Down By Law (1986) (July 27th, 8:00pm, introduced by film scholar Mark Cauchi)
Stranger Than Paradise may have established Jim Jarmusch’s voice, but his follow up Down By Law firmed up his house style and locked him in as a major American filmmaker. Thanks to working with cinematographer Robby Muller for the first time, Down By Law is an absolutely beautiful movie that transformers 80s era New Orleans into an almost alien and certainly iconic landscape in black and white. The film follows Jarmusch’s first muse John Lurie, the compulsively watchable Tom Waits, and the Italian ball of insanity Roberto Benigni as a trio of guys who end up locked in a New Orleans prison cell together only to break out to enjoy a vaguely existential adventure. It’s an absolutely hilarious movie that plays like a comedy, looks like a film noir, and adds up to a poetic art film by the time the credits roll.
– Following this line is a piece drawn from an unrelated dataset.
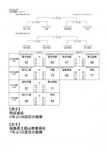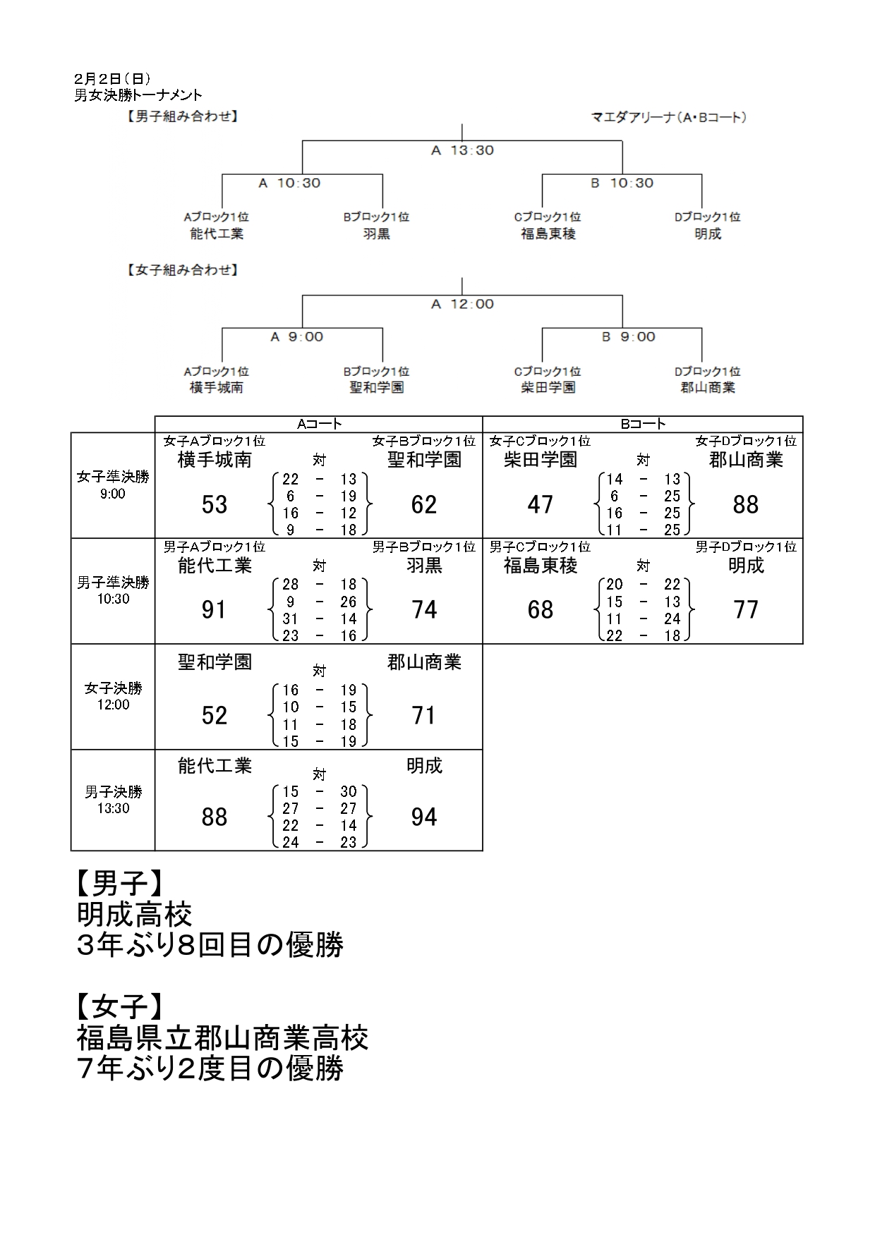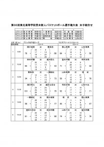 第30回東北高等学校男女新人バスケットボール選手権大会の結果(1/31-2/2) 投稿者: admin2020/02/052020/02/05お知らせ 1月31日(金)~2月2日(日)の3日間に渡り、青森県青森市のマエダアリーナで開催されていた 第30回東北高等学校男女新人バスケットボール選手権大会の結果は 男子優勝:明成高校(3年ぶり8回目の優勝) 女子優勝:福島県立郡山商業高校(7年ぶり2度目の優勝) となりました。 詳細は添付画像および秋田県バスケットボール協会のHPをご確認ください。

It would be a completely unique movie in the history cinema were it not for the rest of Jarmusch’s career and remains easily one of his most impressive works.
Dead Man (1995) (August 9th, 7:00pm, with Skype intro from actor Gary Farmer)
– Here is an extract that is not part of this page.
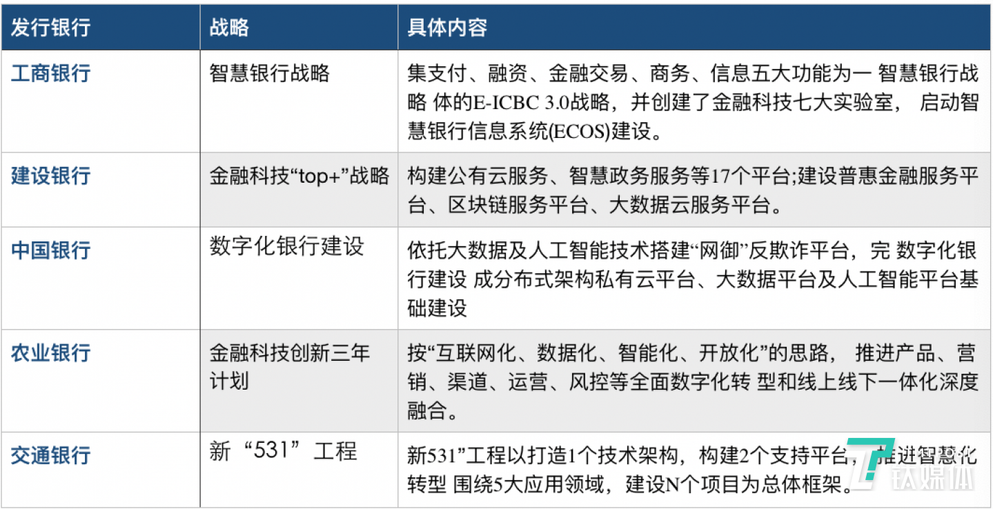 事实上,2017年以来,几乎所有银行都在提金融科技战略,并投入真金白银加大金融科技团队建设,或成立金融科技子公司。灵活的股份制银行如招行、平安、兴业是其中的佼佼者,但六大行也在去年纷纷成立金融科技子公司——工行有工银科技、建行有建信金科、中行有中银金科、交行有交银金科。

If Jim Jarmusch has made only a single masterpiece, then it’s probably Dead Man. Produced on a larger scale than anything else in the director’s career thanks to being made at the peak of the American indie film movement, Dead Man is best described as an acid Western. Johnny Depp stars as a hopeless accountant sent out to a nightmare vision of the old West on a fool’s errand, only to end up shot before spending the rest of the movie slowly dying while a Native American man takes him on a spiritual quest. Though filled with many amusing diversions (particularly a jaw-dropper of a what-the-fuck sequence involving a bullet resistant Billy Bob Thornton and Iggy Pop in a dress), it’s the closest thing to a narrative film that Jarmusch has ever made. The film is laced with dark violence critical of 90s Hollywood’s obsession with gunfire, features the finest performance of Lance Hendrickson’s career as an impossibly evil villain, and quietly transforms into one of the most intriguing and sensitive portrayals of Native American culture in the history of the genre. No one could have possibly guessed that the decidedly urban director would ever make a Western, yet he made one of the greatest and certainly one of the most unique. Jarmusch would go one to dabble in other genre movie fare like an assassin picture (Ghost Dog) and a slice of vampire horror (Only Lovers Left Alive) and each one certainly benefited from his decidedly unique take on the material. That said, his further genre experiments never reached the heights of Dead Man, nor have any of his movies for that matter. A brilliant bit of filmmaking that even those who don’t otherwise care for Jim Jarmusch should sample.